- EXCERPTED DATA
/---
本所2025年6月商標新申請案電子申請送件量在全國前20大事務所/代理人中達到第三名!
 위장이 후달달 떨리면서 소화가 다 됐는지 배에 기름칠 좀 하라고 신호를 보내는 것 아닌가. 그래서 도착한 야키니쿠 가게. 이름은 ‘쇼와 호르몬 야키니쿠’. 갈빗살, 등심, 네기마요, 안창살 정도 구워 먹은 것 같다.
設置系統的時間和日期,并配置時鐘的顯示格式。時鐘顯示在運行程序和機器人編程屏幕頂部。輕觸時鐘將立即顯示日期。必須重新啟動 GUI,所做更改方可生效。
\---
/---
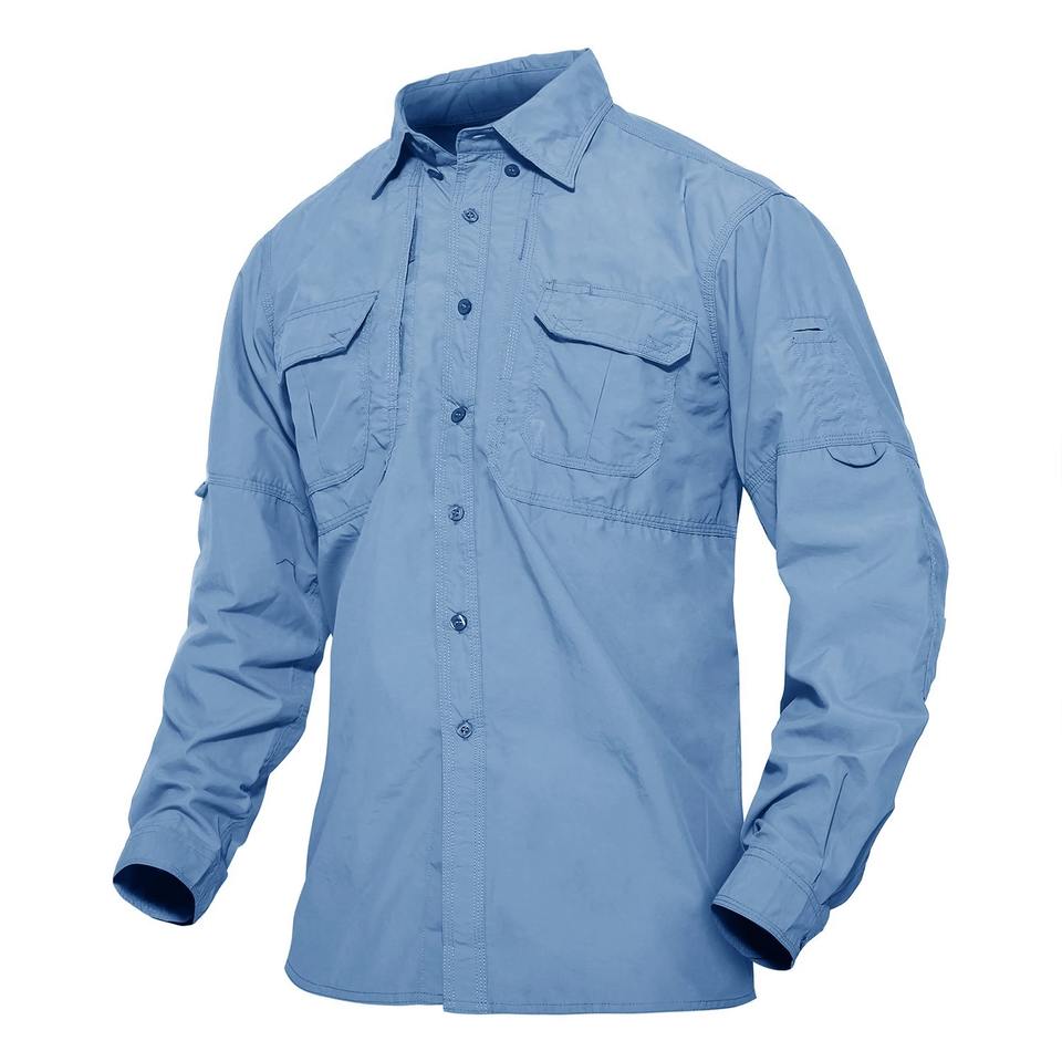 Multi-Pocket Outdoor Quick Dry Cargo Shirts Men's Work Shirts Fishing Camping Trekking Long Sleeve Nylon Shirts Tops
\---
/---
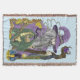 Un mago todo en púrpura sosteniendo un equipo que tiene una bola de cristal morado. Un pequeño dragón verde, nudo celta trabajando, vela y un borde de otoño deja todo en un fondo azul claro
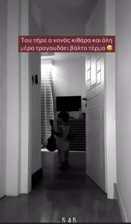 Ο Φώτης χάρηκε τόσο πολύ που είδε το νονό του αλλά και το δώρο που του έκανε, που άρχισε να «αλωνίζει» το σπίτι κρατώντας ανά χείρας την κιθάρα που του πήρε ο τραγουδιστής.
\---
- DESCRIPTION OF THE TASK
For the lines above, output exactly those from the line containing "本所2025年6月商標新申請" through the line containing "設置系統的時間和日期,并配置", and skip the others.

- YOUR RESPONSE
本所2025年6月商標新申請案電子申請送件量在全國前20大事務所/代理人中達到第三名!
 위장이 후달달 떨리면서 소화가 다 됐는지 배에 기름칠 좀 하라고 신호를 보내는 것 아닌가. 그래서 도착한 야키니쿠 가게. 이름은 ‘쇼와 호르몬 야키니쿠’. 갈빗살, 등심, 네기마요, 안창살 정도 구워 먹은 것 같다.
設置系統的時間和日期,并配置時鐘的顯示格式。時鐘顯示在運行程序和機器人編程屏幕頂部。輕觸時鐘將立即顯示日期。必須重新啟動 GUI,所做更改方可生效。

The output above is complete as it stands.